Make sure you have installed and loaded the tidyverse, infer, and fivethirtyeight packages
Fill in the blanks
Put the command you use in the Rchunks in your Rmd file for this quiz.
Look at the variable definitions in congress_age
install.packages('fivethirtyeightdata',
repos = 'https://fivethirtyeightdata.github.io/drat/', type = 'source')

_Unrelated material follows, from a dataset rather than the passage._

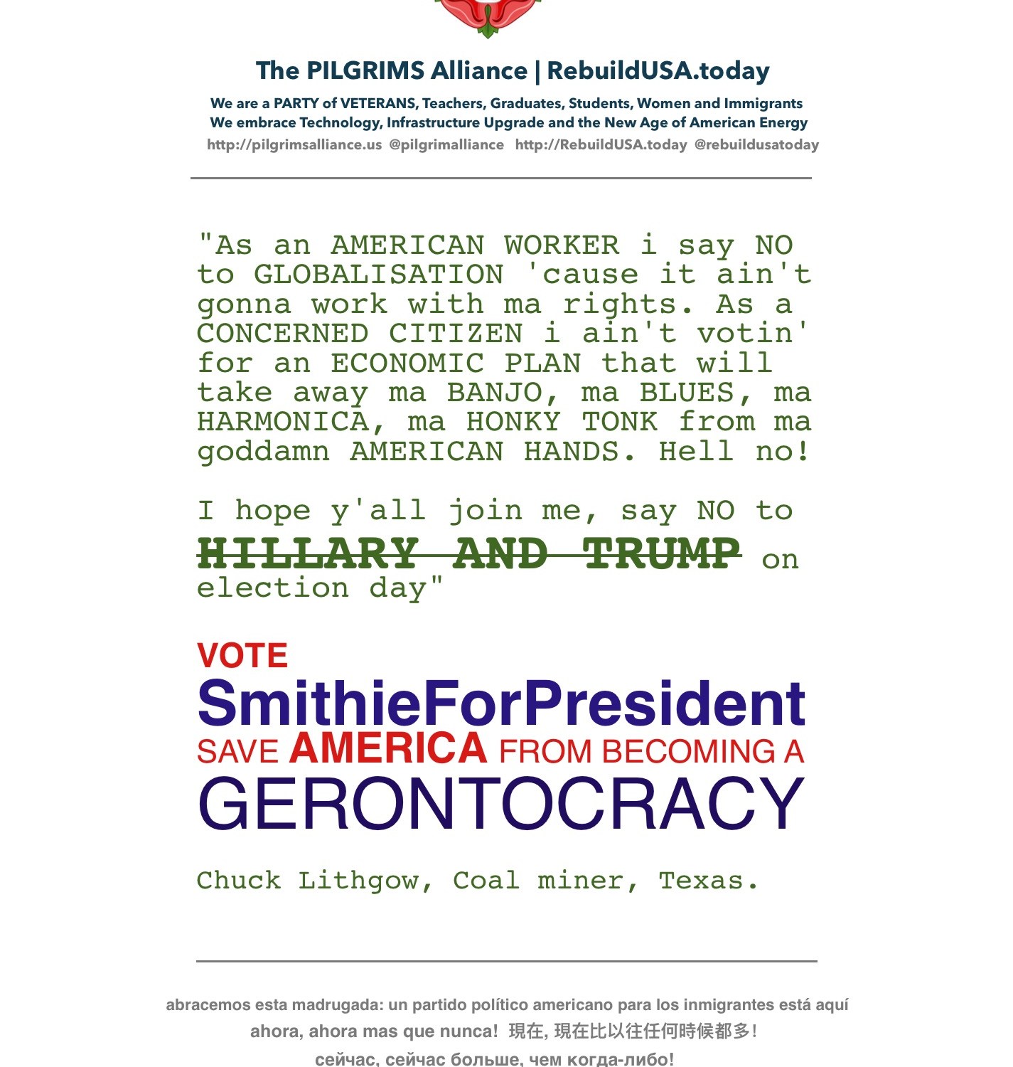 I ain’t gonna vote for Hillary or Trump to come take away ma banjo and ma blues away with that kind of global economic plan. Hell no!…” So said Chuck Lithgow, a coal miner from the state of Texas.
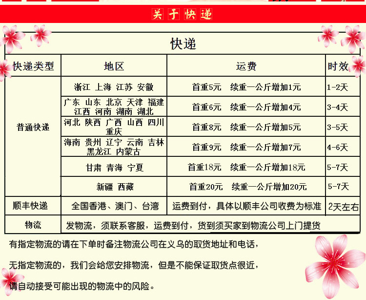 产品详情:我们的送货时间是在下订单当天的下午4点之前,在下订单的次日下午4点之后,如果金额少于500元,提议向客户发送快递费,并且金额超过500元的客户将发物流。物流运费是代收货款,货物抵达时物流公司会通电话给您,您需亲身去物流公司取货,多谢您的光临!

Set random seed generator to 123
Take a sample of 100 from the dataset congress_age and assign it to congress_age_100
set.seed(123)
congress_age_100 <- congress_age %>%
rep_sample_n(size=100)
congress_age is the population and congress_age_100 is the sample
18,635 is number of observations in the population and 100 is the number of observations in your sample
Response: age (numeric)
# A tibble: 100 × 1
age
<dbl>
1 53.1
2 54.9
3 65.3
4 60.1
5 43.8
6 57.9
7 55.3
8 46
9 42.1
10 37
# … with 90 more rows
Response: age (numeric)
# A tibble: 100,000 × 2
# Groups: replicate [1,000]
replicate age
<int> <dbl>
1 1 42.1
2 1 71.2
3 1 45.6
4 1 39.6
5 1 56.8
6 1 71.6
7 1 60.5
8 1 56.4
9 1 43.3
10 1 53.1
# … with 99,990 more rows
The output has 100,000 rows
Assign to bootstrap_distribution_mean_age
Display bootstrap_distribution_mean_age
bootstrap_distribution_mean_age <- congress_age_100 %>%
specify(response = age) %>%
generate(reps = 1000, type = "bootstrap") %>%
calculate(stat = "mean")
bootstrap_distribution_mean_age
Response: age (numeric)
# A tibble: 1,000 × 2
replicate stat
<int> <dbl>
1 1 53.6
2 2 53.2
3 3 52.8
4 4 51.5
5 5 53.0
6 6 54.2
7 7 52.0
8 8 52.8
9 9 53.8
10 10 52.4
# … with 990 more rows
The bootstrap_distribution_mean_age has 1000 means
visualize(bootstrap_distribution_mean_age)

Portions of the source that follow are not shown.